ContactMonkey is significantly reducing its Microsoft Graph access from broad directory permissions (Directory.Read.All) to targeted group membership access (GroupMember.Read.All). This ensures ContactMonkey only accesses the specific data required for your distribution list expansions.
⚠️ Important: The Exchange Web Services (EWS) integration is also migrating to the Exchange Online Admin API. If your organization uses this expansion method, please follow the steps here to complete that update separately.
What is the GroupMember.Read.All Permission?
GroupMember.Read.All reduces the scope of the permissions required for our Microsoft Graph integration. By lowering this permission from Directory.Read.All to GroupMember.Read.All, you are ensuring that our presence in your Microsoft tenant is less intrusive, enhancing security for your organization while keeping ContactMonkey functionality the same.
Actions Required to Prepare Your Tenant
To enable this transition, your IT team will need to grant a specific permission for the integration. A ContactMonkey Admin or Owner can go to Settings → Integrations to see which account is being used for other Utility integrations.
1. Update API Permissions (IT Admin)
| API Resource | Permission Type | Scope |
| Microsoft Graph | Delegated | GroupMember.Read.All |
Your IT Administrator must update the ContactMonkey app registration in Microsoft Entra ID (Azure AD) with the above scopes.
To enable the GroupMember.Read.All permission, please use the following Admin Consent URL:
3. ContactMonkey "Flips the Switch" (Graph Specific)
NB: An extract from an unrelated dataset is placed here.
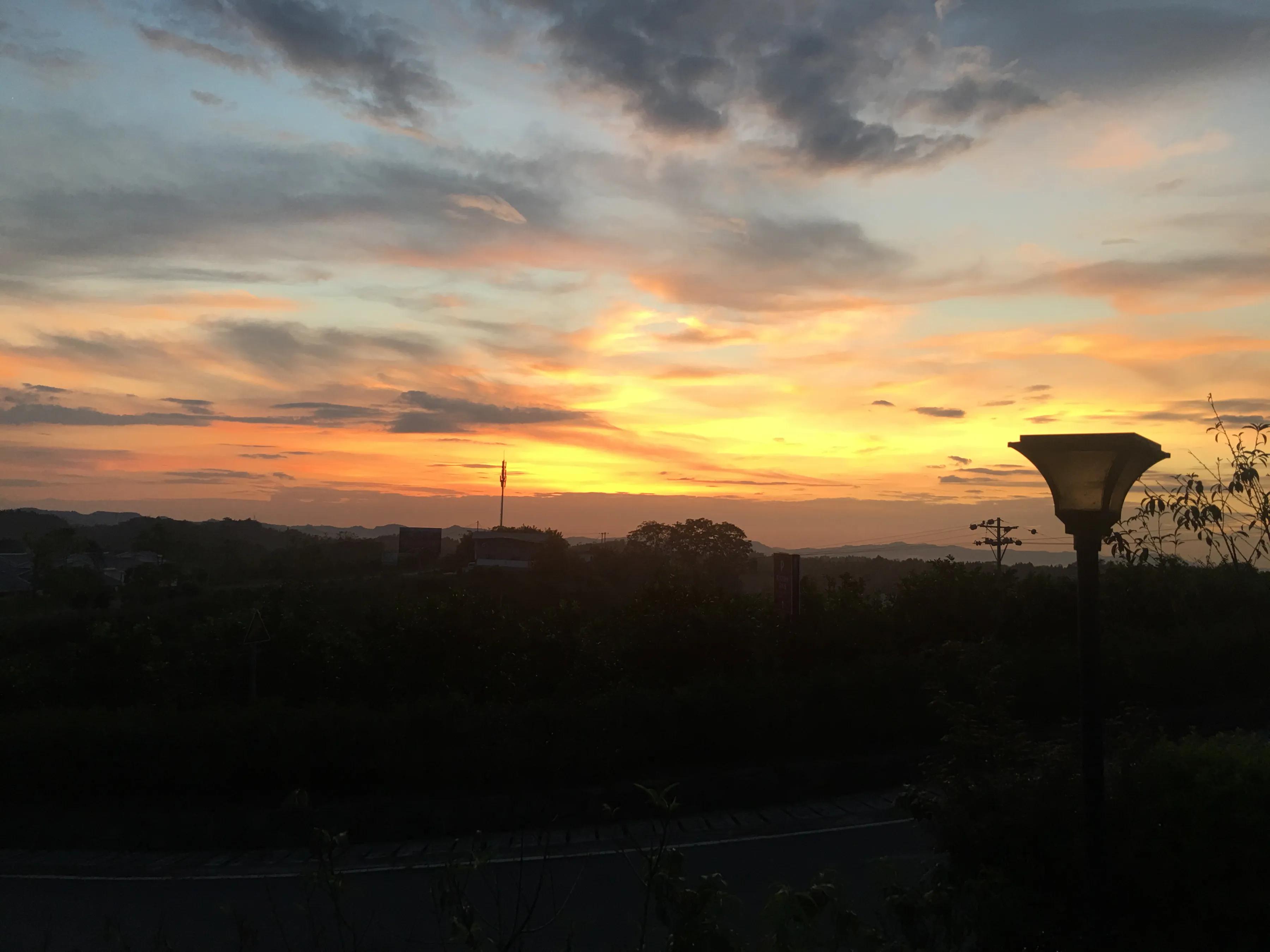 我在日晷图四周走走看看,一抬头,天上的锦绣已变成青色布缎,最远处,升起的袅袅白雾像是画了一个圆圈。这天地,仿佛荡起了一层层涟漪,我们正在涟漪之中。我手扶栏杆,看山下的农作物被夜色一点点的包裹着,偶尔从农家里冒出一星灯火,蟋蟀、知了、青蛙也在这时雀跃起来了,尽情的演唱,似要获得晚风的称赞。

Once administrative consent is granted, contact our Support team at support@contactmonkey.com. They will manually disable the legacy Directory.Read.All permission for your account.
- Note: This step must be completed before Step 4 can take place.
4. Account Reconnection
Once Support confirms the change from Step 3, a ContactMonkey admin must navigate back to Settings → Integrations:
- Graph Utility Tile: Click "Sign Out," then "Connect" again.
- Exchange Admin Utility Tile: Locate this new tile (beside the EWS tile) and click "Sign In" to initialize the new API connection.